The word "para" marks the lines to keep; find each one in the data and copy it.

- _Data to use_
BEGIN

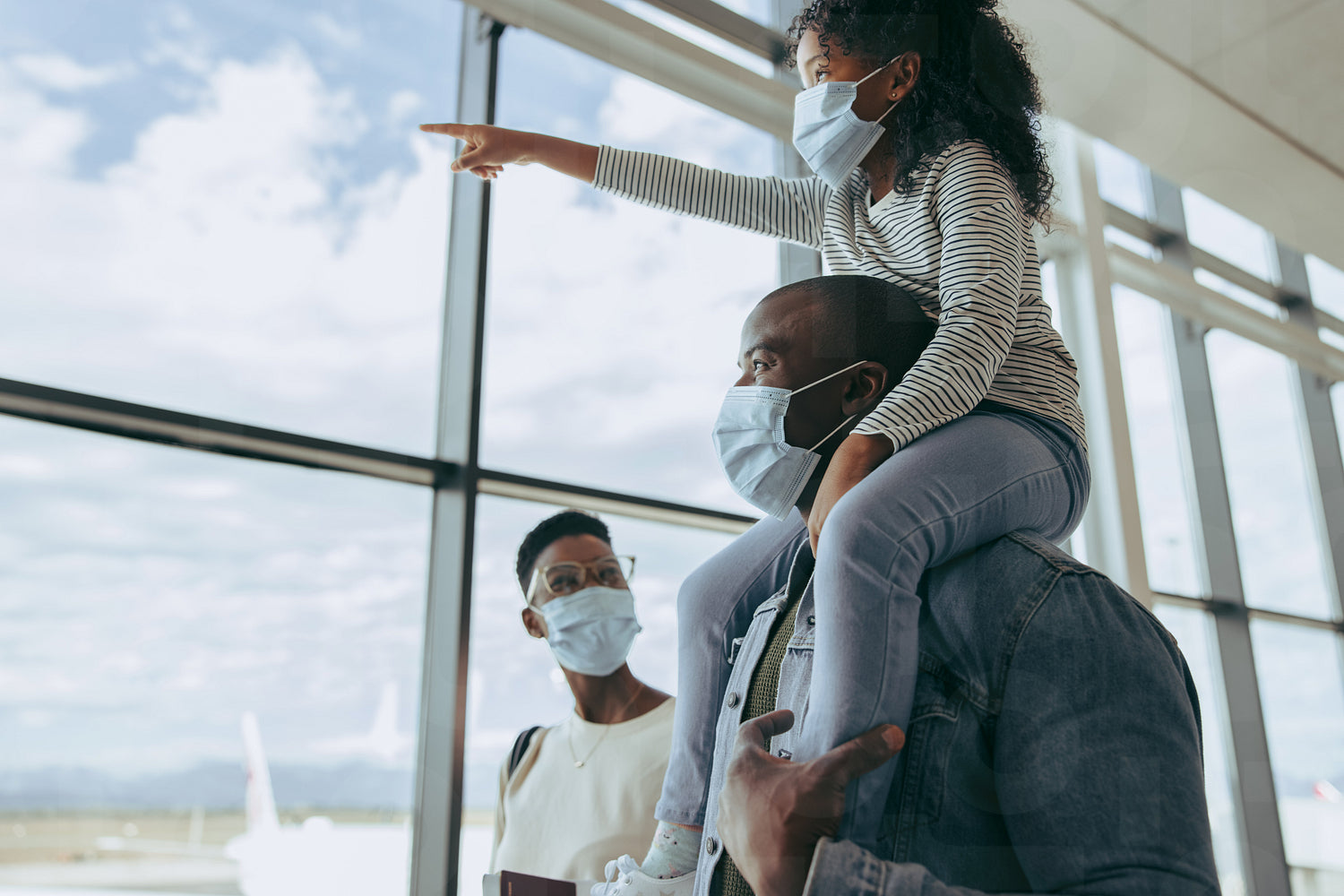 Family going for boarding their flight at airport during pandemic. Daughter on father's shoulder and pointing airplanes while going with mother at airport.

END
BEGIN

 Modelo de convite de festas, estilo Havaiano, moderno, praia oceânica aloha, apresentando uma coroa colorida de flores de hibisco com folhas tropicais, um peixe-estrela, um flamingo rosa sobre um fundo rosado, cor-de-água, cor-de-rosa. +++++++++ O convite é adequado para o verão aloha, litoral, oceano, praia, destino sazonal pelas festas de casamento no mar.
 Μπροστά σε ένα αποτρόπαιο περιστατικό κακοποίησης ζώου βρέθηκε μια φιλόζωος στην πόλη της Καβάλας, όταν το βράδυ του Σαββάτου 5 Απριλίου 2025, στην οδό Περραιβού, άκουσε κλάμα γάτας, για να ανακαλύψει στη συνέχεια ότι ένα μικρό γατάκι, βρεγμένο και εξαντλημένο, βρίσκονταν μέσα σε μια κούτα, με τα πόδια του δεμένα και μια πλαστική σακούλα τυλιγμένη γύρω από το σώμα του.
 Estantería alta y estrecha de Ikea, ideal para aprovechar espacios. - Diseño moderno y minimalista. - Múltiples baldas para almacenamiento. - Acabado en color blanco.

END

- _Solution for this task_
 Modelo de convite de festas, estilo Havaiano, moderno, praia oceânica aloha, apresentando uma coroa colorida de flores de hibisco com folhas tropicais, um peixe-estrela, um flamingo rosa sobre um fundo rosado, cor-de-água, cor-de-rosa. +++++++++ O convite é adequado para o verão aloha, litoral, oceano, praia, destino sazonal pelas festas de casamento no mar.
 Estantería alta y estrecha de Ikea, ideal para aprovechar espacios. - Diseño moderno y minimalista. - Múltiples baldas para almacenamiento. - Acabado en color blanco.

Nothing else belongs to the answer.